## WORK TO COMPLETE
Exact duplicates of the lines from the top of the data through the line containing "材質 | 芯材:ステンレス ビニール被覆:PVC カラビナ材質:亜鉛めっき鉄 | ||" are needed, with every picture left out.

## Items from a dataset
- - -

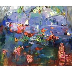 "By og Hav" maleri af Tina Asmussen 100x120cm
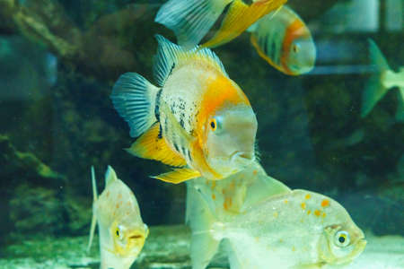 Discus fish in the aquarium, close-up of a tropical fish
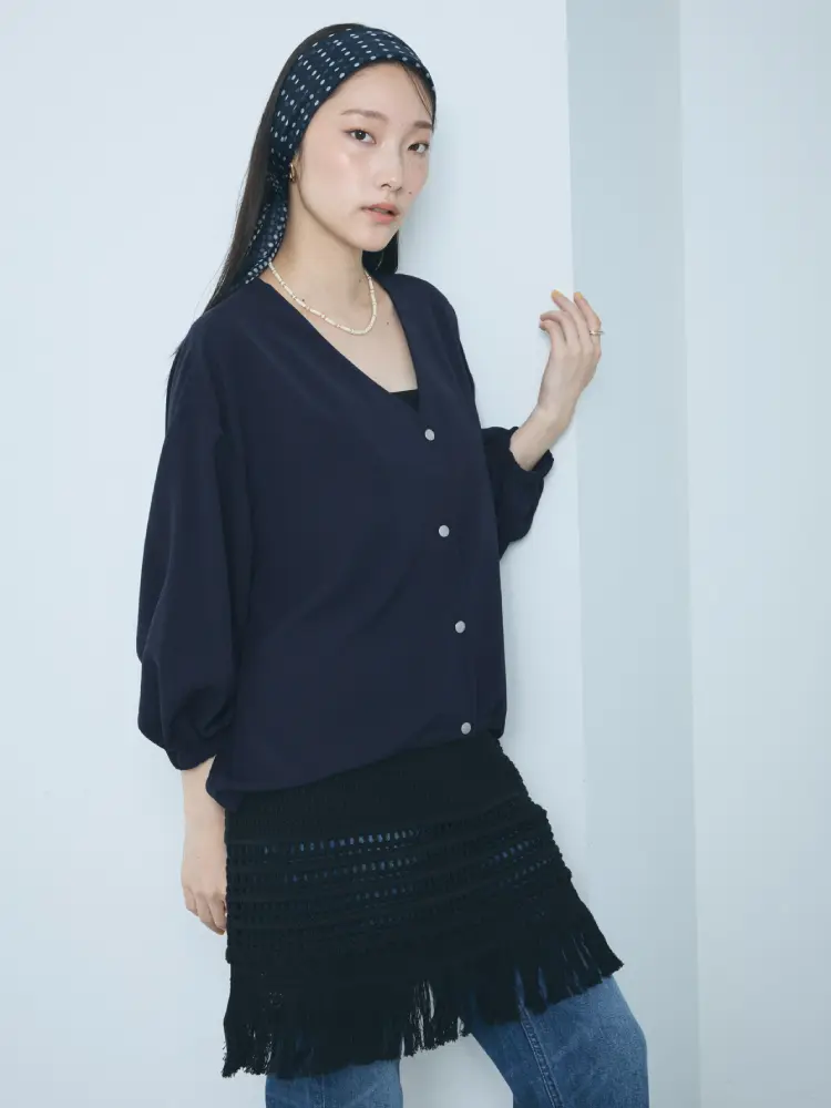 フリンジで、大人のカジュアルさを。スカートのフリンジが着こなしに動きを出し、程よいラフさをプラス。
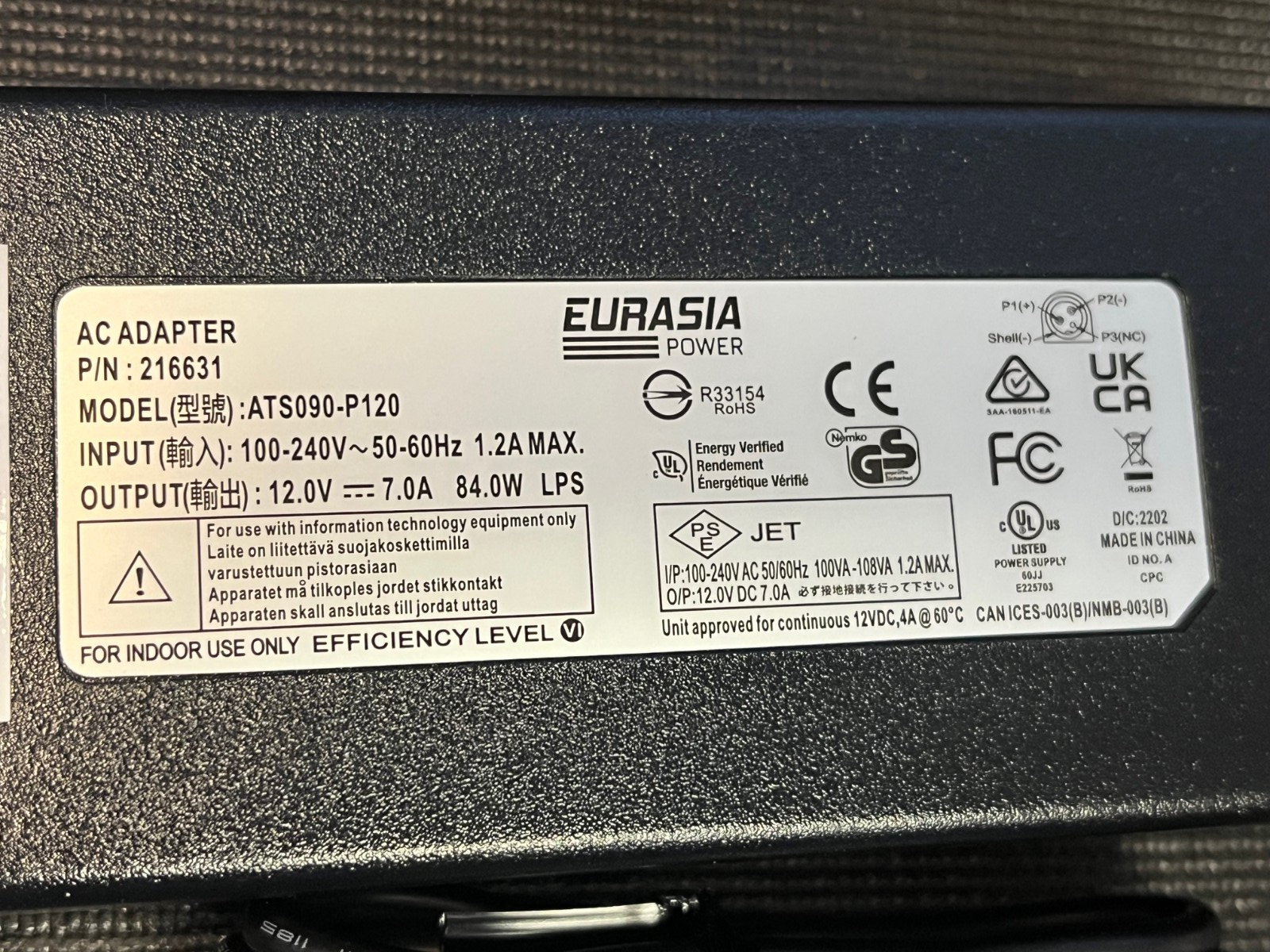 - Eurasia ATS090-P120 12V 7A 84W AC Adapter Power Supply Untested Lot of 2
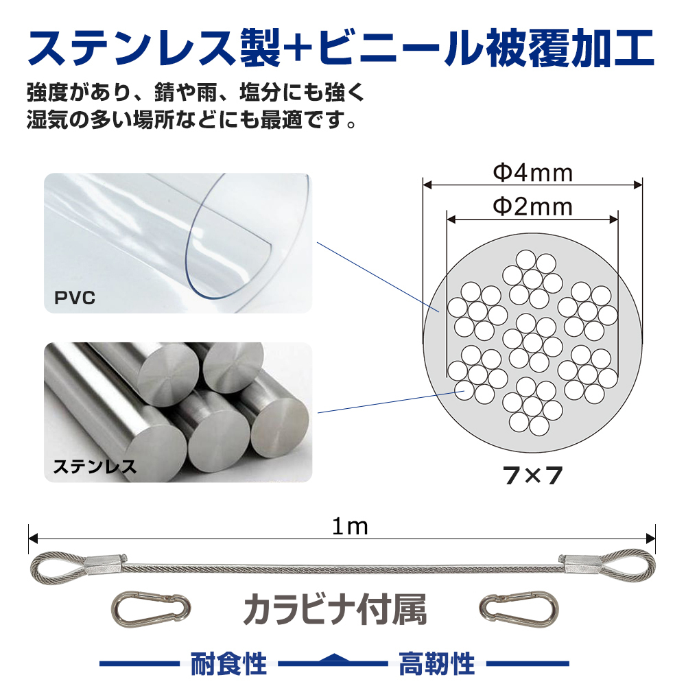 材質 | 芯材:ステンレス ビニール被覆:PVC カラビナ材質:亜鉛めっき鉄 | ||
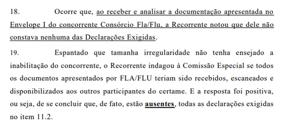 No clássico pelo Maracanã, o consórcio de Flamengo e Fluminense fez também série de questionamentos para inabilitar os vascaínos e seus parceiros da disputa. De acordo com o recurso, os concorrentes apresentaram "garantia de proposta irregular" e também apresentaram, de maneira irregular ao pedido no edital, atestado de capacidade técnica em gestão da operação e manutenção de estádio de futebol e de arena multiuso ou de ginásio esportivo, entre outros pontos.

- - -

## EXERCISE RESULT
 "By og Hav" maleri af Tina Asmussen 100x120cm
 Discus fish in the aquarium, close-up of a tropical fish
 フリンジで、大人のカジュアルさを。スカートのフリンジが着こなしに動きを出し、程よいラフさをプラス。
 - Eurasia ATS090-P120 12V 7A 84W AC Adapter Power Supply Untested Lot of 2
 材質 | 芯材:ステンレス ビニール被覆:PVC カラビナ材質:亜鉛めっき鉄 | ||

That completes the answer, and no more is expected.